Multi-product liquefaction method and system
Abstract
A liquefaction system is capable of sequentially or simultaneously liquefying multiple feed streams of hydrocarbons having different normal bubble points with minimal flash. The liquefying heat exchanger has separate circuits for handling multiple feed streams. The feed stream with the lowest normal boiling point is sub-cooled sufficiently to suppress most of the flash. Feed streams with relatively high normal boiling points are cooled to substantially the same temperature, then blended with bypass streams to maintain each product near its normal bubble point. The system can also liquefy one stream at a time by using a dedicated circuit or by allocating the same feed to multiple circuits.
Claims
exact text as granted — not AI-modifiedThe invention claimed is:
1. An apparatus comprising:
a coil-wound heat exchanger having a warm end, a cold end, a tube side having a plurality of cooling conduits;
a first feed stream conduit in upstream fluid flow communication with at least one of the plurality of cooling conduits and in downstream fluid flow communication with a supply of a first hydrocarbon fluid having a first normal bubble point, the first feed stream conduit being operationally configured to carry a first feed stream;
a second feed stream conduit in upstream fluid flow communication with at least one of the plurality of cooling conduits and in downstream fluid flow communication with a supply of a second hydrocarbon fluid having a second normal bubble point that is lower than the first normal bubble point, the second feed stream conduit being operationally configured to carry a second feed stream;
a first cooled feed stream conduit in downstream fluid flow communication with the first feed stream conduit and at least one of the plurality of cooling conduits, the first cooled feed stream conduit being operationally configured to carry a first cooled feed stream;
a second cooled feed stream conduit in downstream fluid flow communication with the second feed stream conduit and at least one of the plurality of cooling conduits, the second cooled feed stream conduit being operationally configured to carry a second cooled feed stream;
a first product stream conduit in downstream fluid flow communication with the first cooled feed stream;
a second product stream conduit in downstream fluid flow communication with the second cooled feed stream;
a first bypass conduit having at least one valve, an upstream end in fluid flow communication with at least one of the plurality of cooling conduits upstream from the cold end, and a downstream end located at an upstream end of the first product stream conduit, and located at a downstream end of the first cooled feed stream;
wherein the coil-wound heat exchanger is operationally configured to cool the first hydrocarbon fluid and the second hydrocarbon fluid to substantially the same temperature by indirect heat exchange against a refrigerant; and
wherein the first bypass conduit is operationally configured to cause the first hydrocarbon fluid flowing through the first product stream conduit to have a higher temperature than the second hydrocarbon fluid flowing through the second product stream conduit.

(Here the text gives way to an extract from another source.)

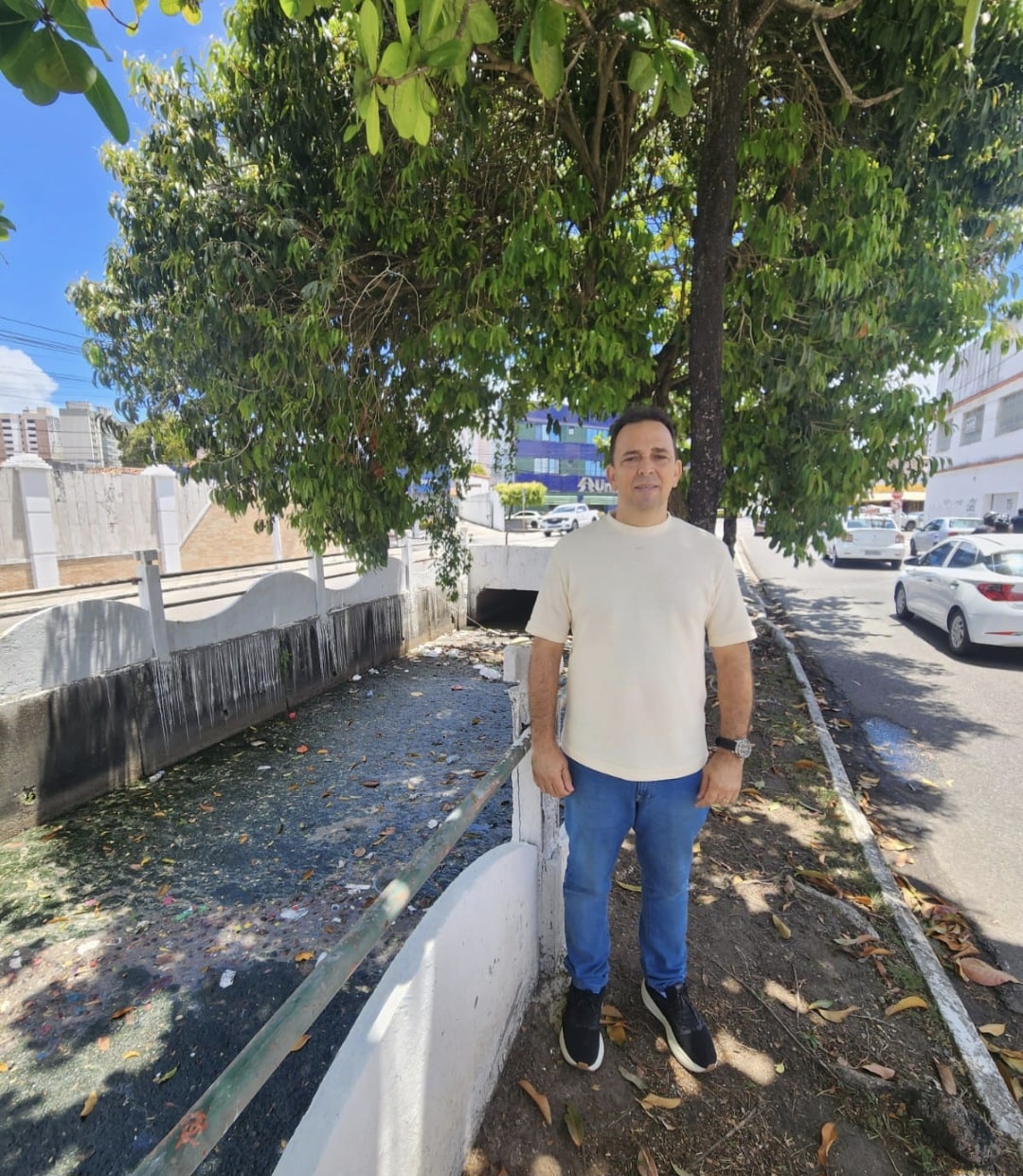 O vereador Fábio Meireles (PDT) cobra a limpeza dos resíduos do canal da Av. Gonçalo Prado Rolemberg, no bairro São José, em Aracaju.

2. The apparatus of claim 1 , further comprising:
a plurality of connecting conduits, each of the connecting conduits having a connecting valve thereon, the plurality of connecting conduits and connecting valves being operationally configured to selectively place the first feed stream conduit in fluid flow communication with more than one of the plurality of cooling conduits.
3. The apparatus of claim 1 , further comprising:
a second product stream phase separator in downstream fluid flow communication with the second product stream conduit, the second product stream phase separator being operationally configured to phase separate the second product stream;
a second product stream recycle conduit in fluid flow communication with an upper portion of the second product stream phase separator and the second feed stream conduit upstream from the coil-wound heat exchanger;
a compressor in fluid flow communication with the second product stream recycle conduit; and
a recycle heat exchanger in fluid flow communication with the second product stream recycle conduit and operationally configured to cool a fluid flowing through the second product stream recycle conduit against a fluid flowing through the first bypass conduit.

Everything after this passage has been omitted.